MATERIAL PROVIDED

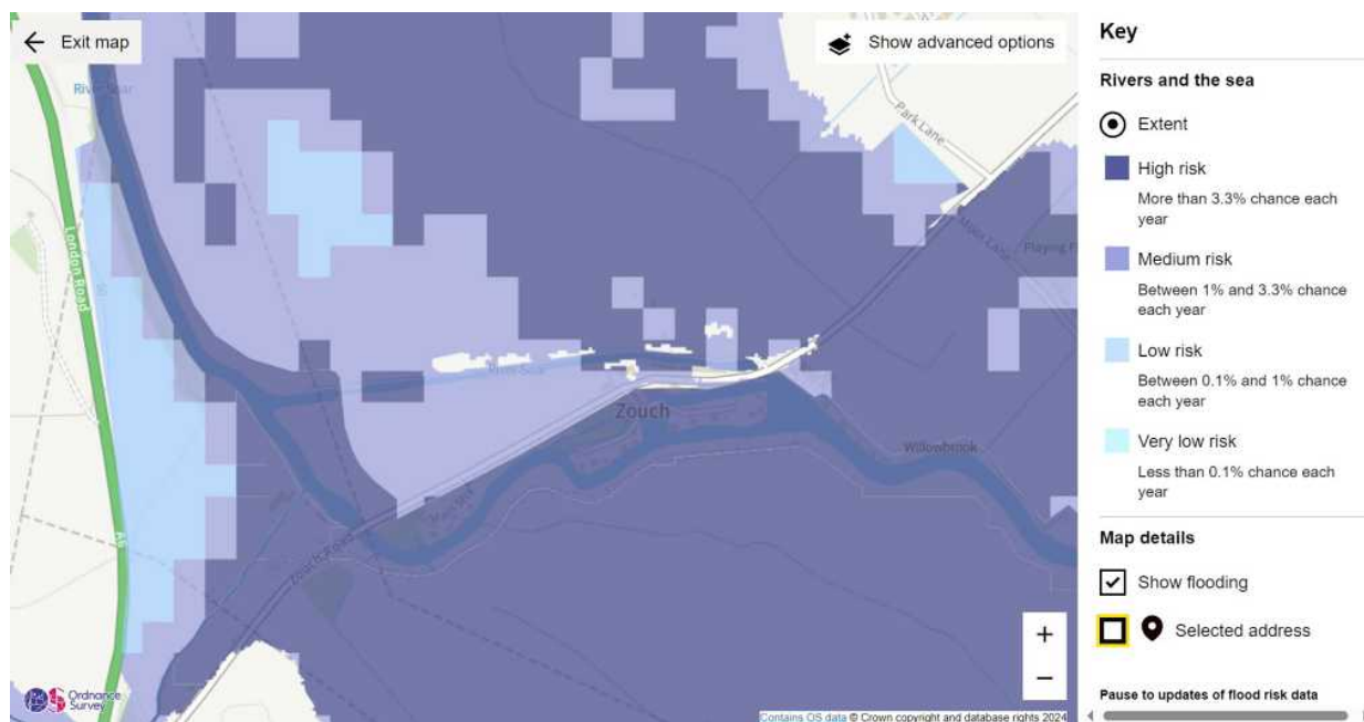
Figure 3. Environment Agency – Flood Risk Mapping for Zouch
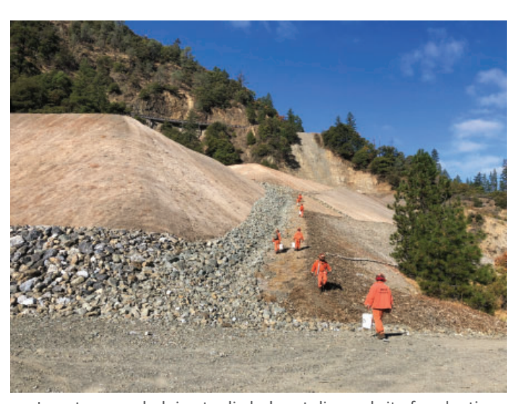
Inmate crews helping to dig holes at disposal site for planting
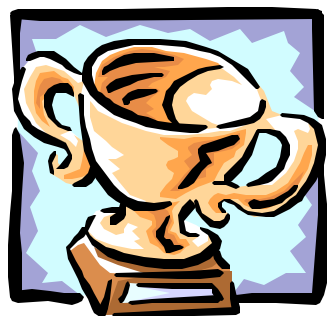
The Karl Radde Award An award unique to the State of California.

“State Archers of California honors archers who make significant achievements in and for the sport.”
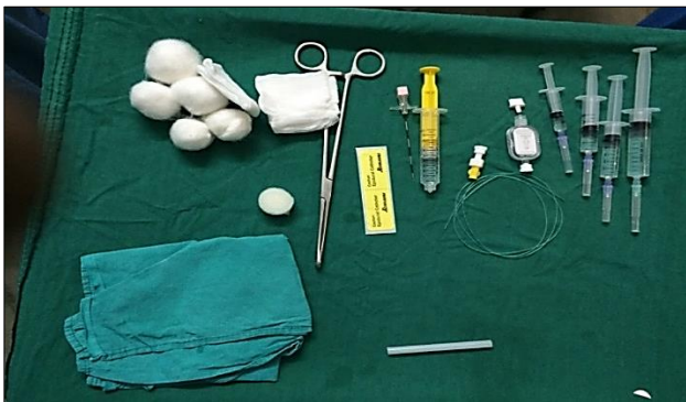
Figure 1: Requirements for epidural analgesic technique.

The procedure was explained to the patient. An 18 G cannula started and all patient were preloaded with 500 ml of Ringer lactate. Patient is positioned in either sitting or lying on her side with her knees and hips flexed (Figure 1).
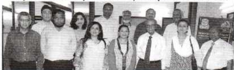
A group photo of speakers at the event
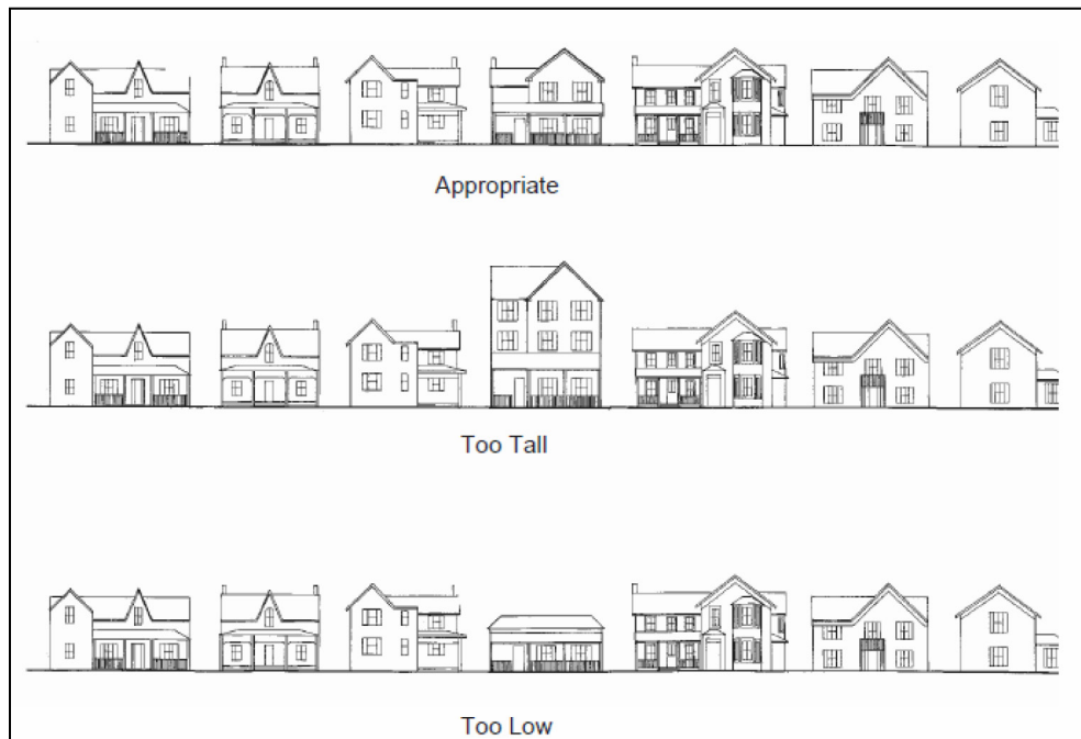
Examples of building height and massing that is appropriate and inappropriate.
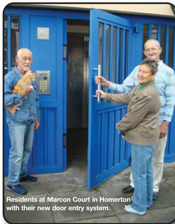
Residents at Marcon Court in Homerton with their new door entry system.

To report anti-social behaviour on your estate, contact your local Neighbourhood Office. If the matter is urgent, contact the Police on 999.
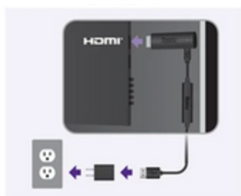
Roku Streaming Stick 4K
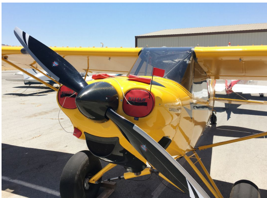
Cub Crafters CC-11 Carbon Cub Engine Plugs

Engine Inlet Plugs are custom fit for your Lewaero Ascender intakes, made with heavy-duty vinyl material, and stuffed with a single block of sculpted urethane foam. Each plug has a zipper that allows the foam to be removed and dried if necessary. Engine plugs have warning flags that are visible from the cockpit or 'remove before flight' streamers sewn onto the face of the plugs. Most plugs are imprinted with the aircraft registration number in black for an extra charge. Storage bag NOT included. Engine plugs may be inserted after flight when the engine is still warm. Engine Inlet Plugs are commonly referred to as Cowl Plugs, Intake Plugs, Cowl Blocks, Engine Blocks, and Engine Bungs.
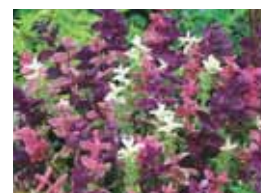
Horminum Tricolor Mix

1284A Strata (14 in/36 cm) Bicolor blue and white spikes. Each blue florette is highlighted by a white calyx. Novel cut flower. AAS and Fleuroselect Winner. Pkt. (25 seeds) $2.50; 1/32 oz. $9.50; 1/16 oz. $17.30; 1/8 oz. $30.90.
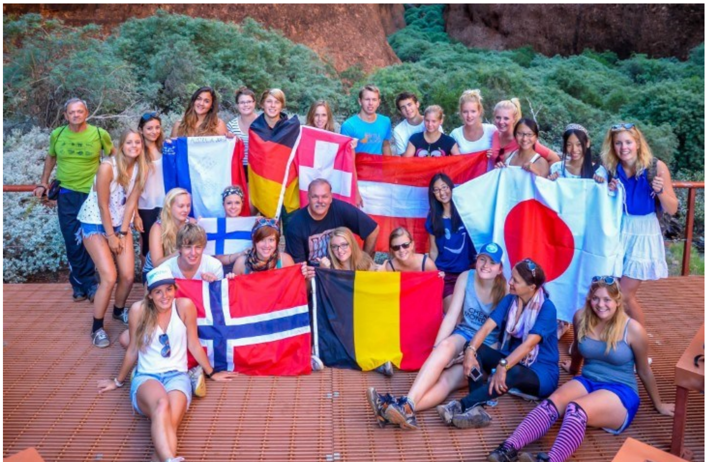
Fond memories from the Capricorn Ramble trips with the Inbound Exchange Students
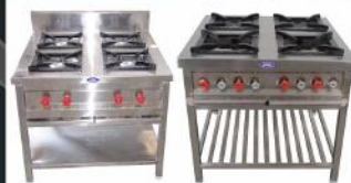
Four Burner (Continental)
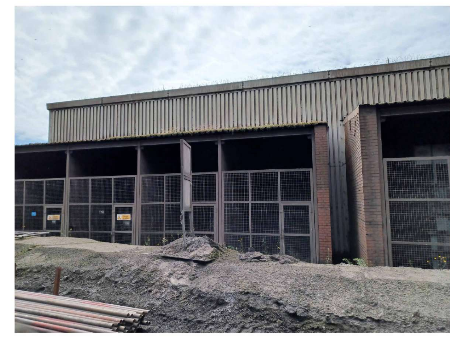
Photo 2 - Existing Compressor House With MCC Room
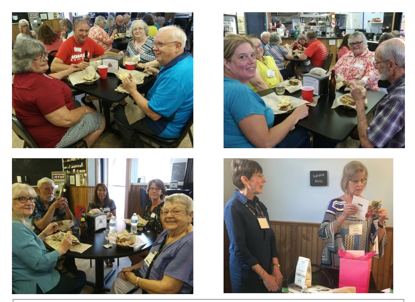
BECOME A LITERACY VOLUNTEERS- MARQUETTE COUNTY MEMBER!

We invite you to become a member and supporter of literacy in Marquette County. One person can make a difference in influencing positive changes. We've accomplished a great deal, but there is so much more to be done. Your services as a volunteer or a financial supporter are critical to our success!
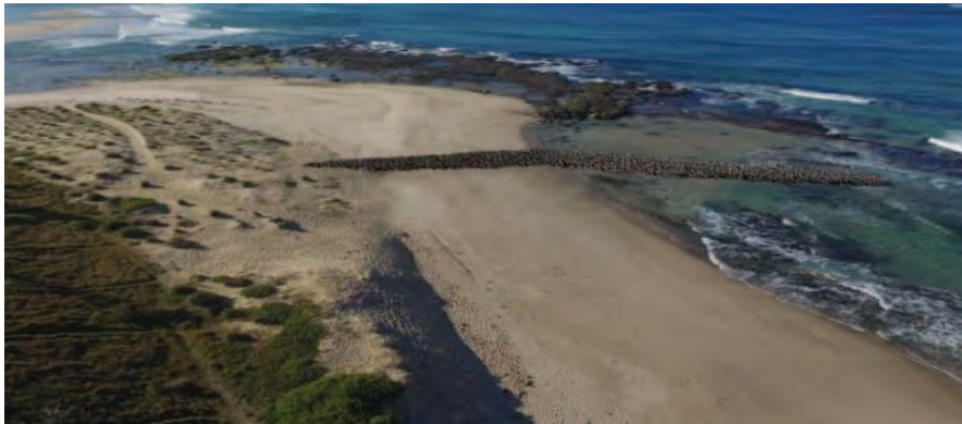
Artist's impression of the proposed rock groyne

In the 2015/16 Budget, the NSW Government allocated $2.4 million to construct a rock groyne on South Entrance Beach, located just to the south of the Surf Life Saving Club tower.
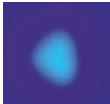
3 - LED Array at 15"
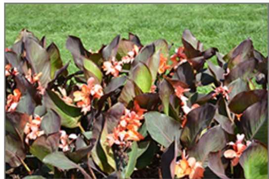
CannaSol Happy Wilma Canna in bloom
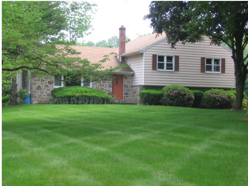
HR #112, 1261 Buck Ln.
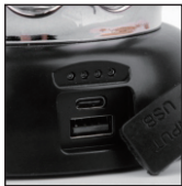
USB-C Charging Port/ Output Port
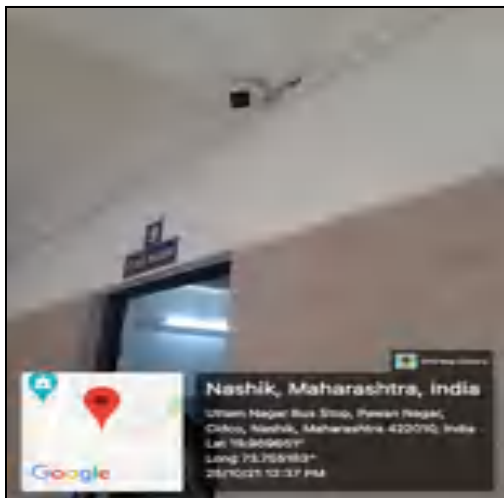
CCTV At First floor of New Building
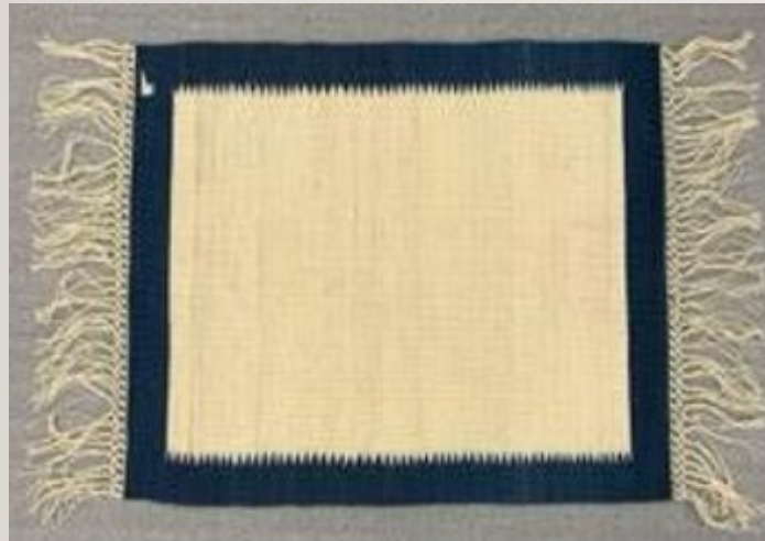
Unidentified Artist, Untitled , 11" X 10 1 / 4 "
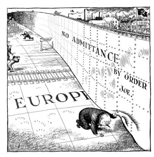
Source A. A cartoon by Leslie Illingworth from the Daily Mail, 6<sup>th</sup> March 1946

2. Study Source A. Source A is critical of the USSR. How do you know? Explain your answer using Source A and your contextual knowledge(4)
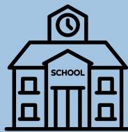
Title I, Title II, and Title IV Funding
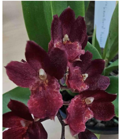
Howeara Lava Burst 'Puanani' AM/AOS (Joshua Balgos)
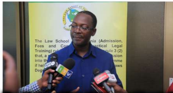
The Minister of Constitutional and Legal Affairs Hon. George Simbachawene (MB), speaking to the media during his visit to the Law
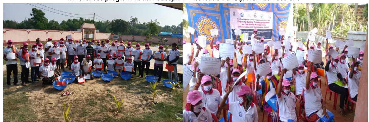
NFDB Sponsored awareness programme at Chilka
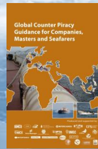
Global Counter Piracy Guidance
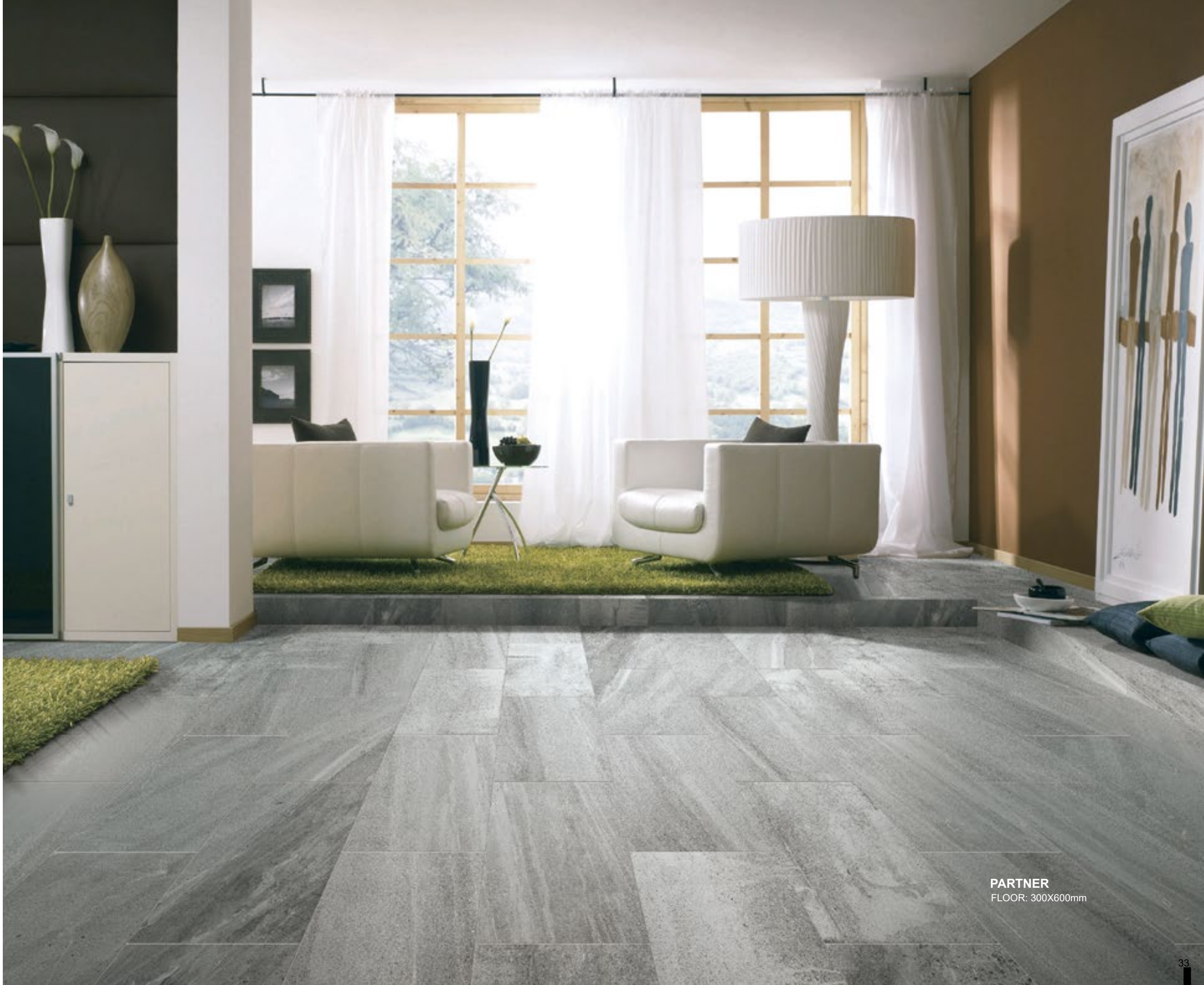
PARTNER FLOOR: 300X600mm
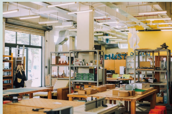
▲ 金木工實驗室 Metal & Wood Art Design Lab
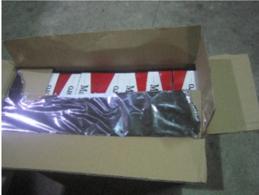
A foiled smuggling attempt by ICA and SC

7 After the carton boxes were repacked and loaded onto two other Singapore-registered trucks, Customs officers moved in and arrested four Singaporean subjects, 3 males and 1 female, aged between 24 and 38. In the course of arrest, a 30 year-old Chinese male subject tried to flee but was swiftly apprehended by an ICA officer. The smugglers had attempted to evade duty and GST payable of $141,926 and $12,842 respectively.
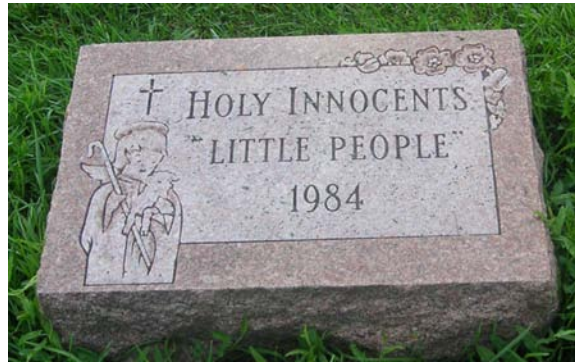
“Little People” gravestone
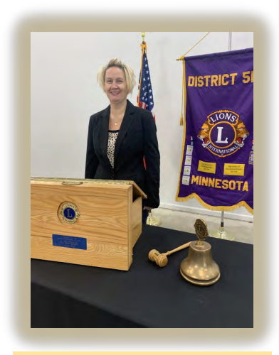
2nd Vice District Governor Elect
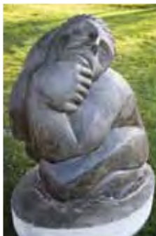
Sculpture in the Gardens
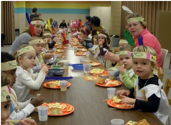
Us Indians enjoyed our Thanksgiving Feast!

Thank You for supporting Mom's Day Out's Fall Outreach!
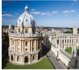
Oxford University, England
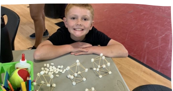
Science can be fun!

Members did intensive hands-on projects that included constructing (and erupting!) paper mache volcanoes, making homemade ice cream in a Ziploc bag, learning why Mentos and diet cola create an explosive reaction, and solving a kitchen mix-up mystery using clues and deductive logic. Members agreed that they looked forward to STEAM more than any other academic program of the summer.
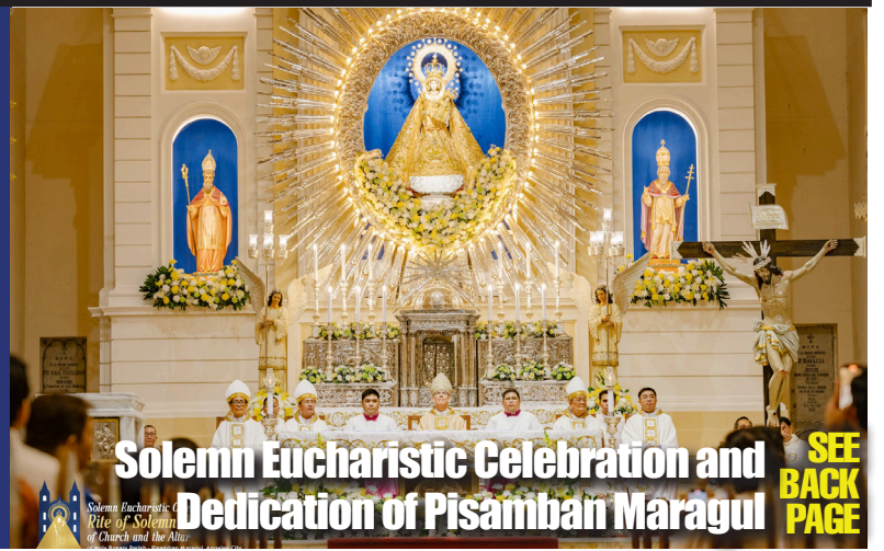
Solemn Eucharistic Celebration and Dedication of Pisamban Maragul

WORK TO BE COMPLETED
Counting only lines that hold the word "rock", state how many the material contains, and add nothing.

SOLVED EXERCISE
2